→ **Information shown**:
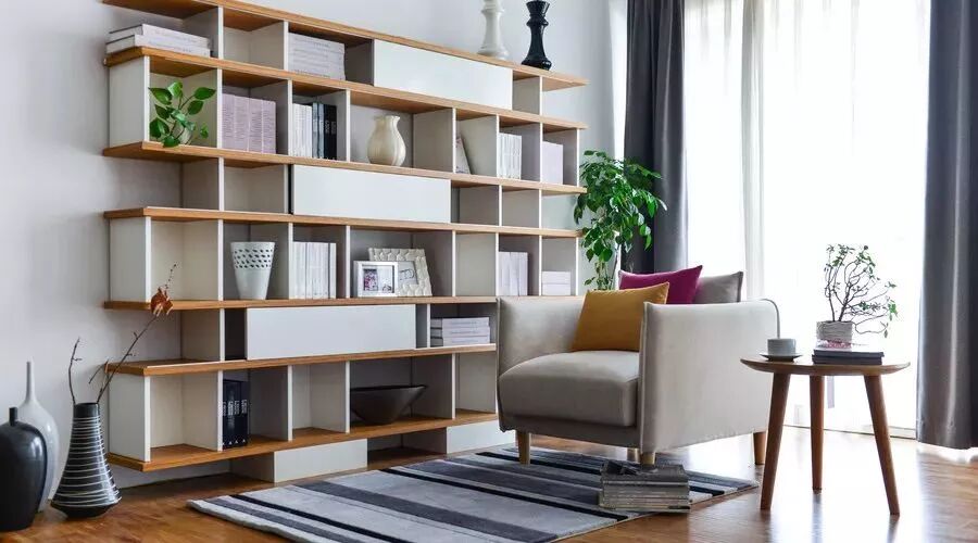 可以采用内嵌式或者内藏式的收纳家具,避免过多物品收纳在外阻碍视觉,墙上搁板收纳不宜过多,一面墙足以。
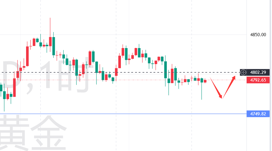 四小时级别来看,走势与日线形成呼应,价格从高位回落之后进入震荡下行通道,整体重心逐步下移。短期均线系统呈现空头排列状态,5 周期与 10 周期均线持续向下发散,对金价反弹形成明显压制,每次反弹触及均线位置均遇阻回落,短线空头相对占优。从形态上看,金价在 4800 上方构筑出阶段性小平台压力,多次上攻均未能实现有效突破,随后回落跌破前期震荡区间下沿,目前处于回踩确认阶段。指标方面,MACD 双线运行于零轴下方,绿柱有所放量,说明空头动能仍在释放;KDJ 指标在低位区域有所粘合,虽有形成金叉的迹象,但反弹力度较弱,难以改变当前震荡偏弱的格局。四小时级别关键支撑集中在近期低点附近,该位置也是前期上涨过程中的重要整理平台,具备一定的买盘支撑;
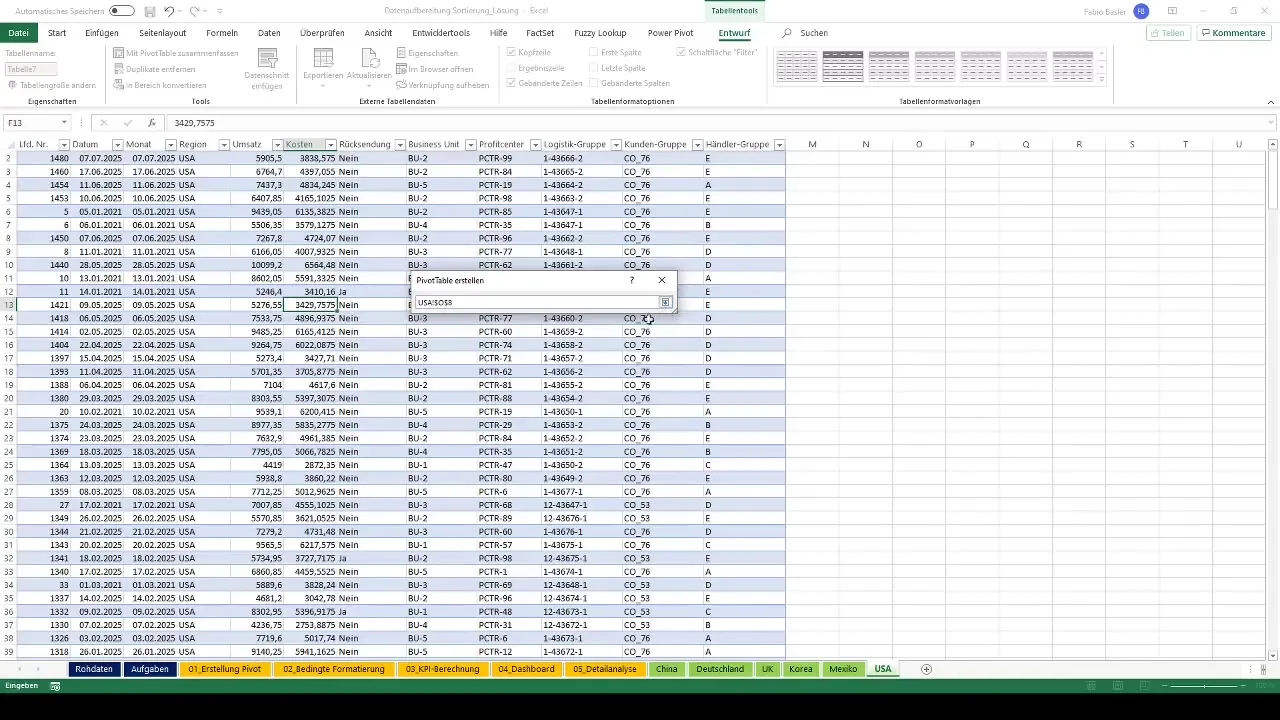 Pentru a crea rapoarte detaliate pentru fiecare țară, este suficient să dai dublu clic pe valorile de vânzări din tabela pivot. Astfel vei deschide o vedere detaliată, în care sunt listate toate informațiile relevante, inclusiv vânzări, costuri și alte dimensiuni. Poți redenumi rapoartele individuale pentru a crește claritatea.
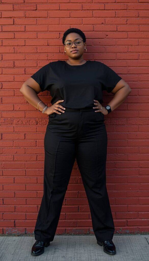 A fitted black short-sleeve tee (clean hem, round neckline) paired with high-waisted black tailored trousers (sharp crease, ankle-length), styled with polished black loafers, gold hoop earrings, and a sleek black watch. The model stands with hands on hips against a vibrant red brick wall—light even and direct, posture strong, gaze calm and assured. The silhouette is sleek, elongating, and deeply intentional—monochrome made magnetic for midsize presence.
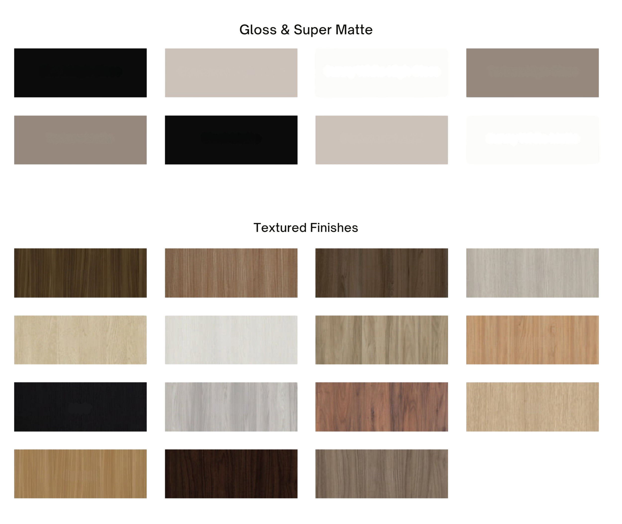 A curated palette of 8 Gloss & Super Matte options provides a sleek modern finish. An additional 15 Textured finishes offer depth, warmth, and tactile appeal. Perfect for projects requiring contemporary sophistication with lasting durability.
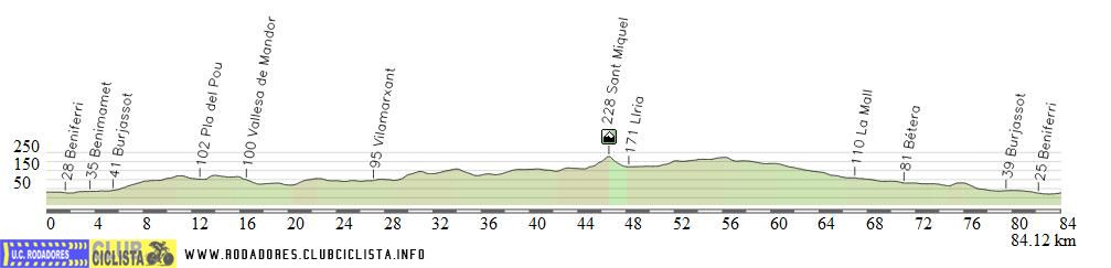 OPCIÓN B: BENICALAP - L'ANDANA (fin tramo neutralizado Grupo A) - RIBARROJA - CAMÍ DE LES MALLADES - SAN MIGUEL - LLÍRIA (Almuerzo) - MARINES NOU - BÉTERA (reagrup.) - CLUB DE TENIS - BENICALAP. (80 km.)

→ **Task item**: Output only the lines above from the line that holds "周期与 10 周期均线持续向下发散,对金价反弹形成明显压制,每次反弹触及均线位置均遇阻回落,短线空头相对占优。从形态上看,金价在" through the line that holds "A fitted black", both ends included, and exclude pictures.

→ **Problem solution**:
 四小时级别来看,走势与日线形成呼应,价格从高位回落之后进入震荡下行通道,整体重心逐步下移。短期均线系统呈现空头排列状态,5 周期与 10 周期均线持续向下发散,对金价反弹形成明显压制,每次反弹触及均线位置均遇阻回落,短线空头相对占优。从形态上看,金价在 4800 上方构筑出阶段性小平台压力,多次上攻均未能实现有效突破,随后回落跌破前期震荡区间下沿,目前处于回踩确认阶段。指标方面,MACD 双线运行于零轴下方,绿柱有所放量,说明空头动能仍在释放;KDJ 指标在低位区域有所粘合,虽有形成金叉的迹象,但反弹力度较弱,难以改变当前震荡偏弱的格局。四小时级别关键支撑集中在近期低点附近,该位置也是前期上涨过程中的重要整理平台,具备一定的买盘支撑;
 Pentru a crea rapoarte detaliate pentru fiecare țară, este suficient să dai dublu clic pe valorile de vânzări din tabela pivot. Astfel vei deschide o vedere detaliată, în care sunt listate toate informațiile relevante, inclusiv vânzări, costuri și alte dimensiuni. Poți redenumi rapoartele individuale pentru a crește claritatea.
 A fitted black short-sleeve tee (clean hem, round neckline) paired with high-waisted black tailored trousers (sharp crease, ankle-length), styled with polished black loafers, gold hoop earrings, and a sleek black watch. The model stands with hands on hips against a vibrant red brick wall—light even and direct, posture strong, gaze calm and assured. The silhouette is sleek, elongating, and deeply intentional—monochrome made magnetic for midsize presence.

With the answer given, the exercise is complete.